EquBot on Wednesday launched its second exchange-traded fund that uses artificial intelligence to actively construct an investment portfolio of equities.
The AI Powered International Equity ETF (AIIQ) focuses on stocks from developed markets outside of the U.S., which differs from the AI Powered Equity ETF (AIEQ) that debuted last October with a mandate to invest in U.S. equities.

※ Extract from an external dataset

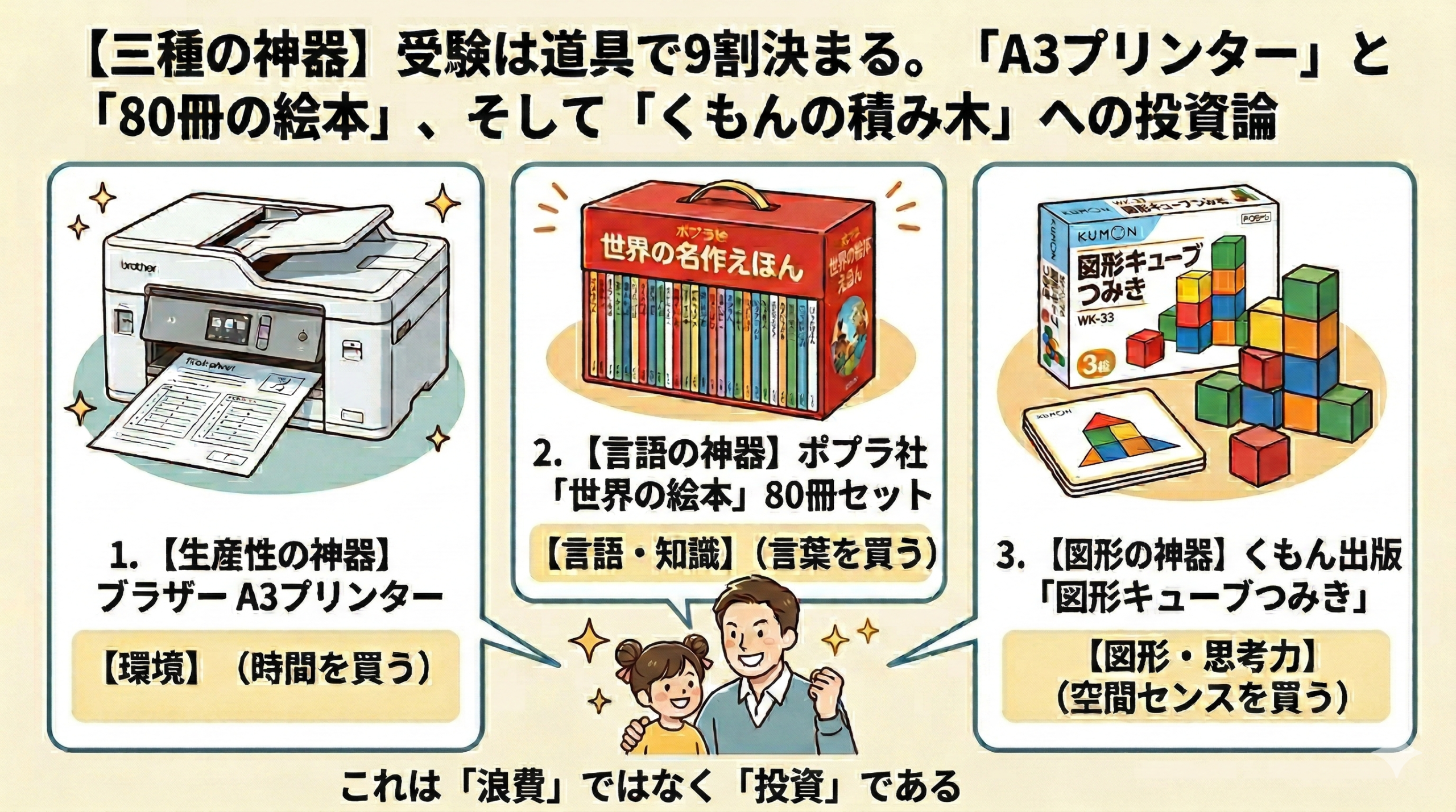 共働き家庭が過酷なお受験を勝ち抜くための鉄則。それは、**「お金で解決できる悩みは、便利なツールを買って即解決する」ことです。 今回は、我が家の合格を根底から支え、結果的に最高のコスパをもたらしてくれた、絶対にケチってはいけない「3つの物理的神器」**をご紹介します。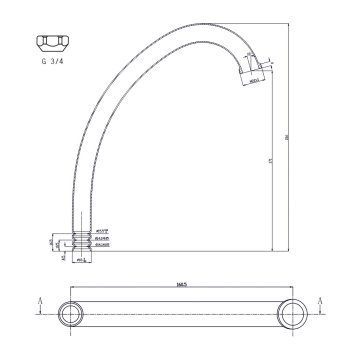 Ramienko rúrkové s pripojovacou maticou 3/4"celkovou výškou 216 mm. Ramienko je vyrobené z kvalitnej pochrómovanej mosadze. Ramienko je určené pre nízkotlakové batérie CBS201015M.

With both funds, San Francisco-based EquBot employs a proprietary quantitative, AI-driven model that runs on the IBM Watson artificial intelligence platform. The model scans both funds’ respective investment universe around the clock to identify stocks that can profit from current economic conditions, trends and world events
In the case of AIIQ, the model identifies 80 to 250 companies with the greatest potential to experience price appreciation during the next 12 months.
As of June 5, AIIQ invested in 150 companies and the top five holdings were Toyota Motor Corp., SAP SE, Nippon Telegraph & Telephone Corp., Chubb Ltd. and KB Financial Group Inc., with weights ranging from 3.22 percent to 2.07 percent.
The fund invests across all market capitalizations, and the investment model recommends a weight for each company based on its potential for appreciation and correlation to the other companies in the fund’s portfolio. The EquBot model limits the weight of any individual company to 10 percent.
AIIQ’s expense ratio is 0.79 percent, which is four basis points more than it’s domestic-focused cousin, AIEQ.
Since it launched eight months ago, AIEQ has attracted $136 million in assets under management and is up more than 11 percent, thanks to a run-up in share price since early April that has propelled it to an all-time high.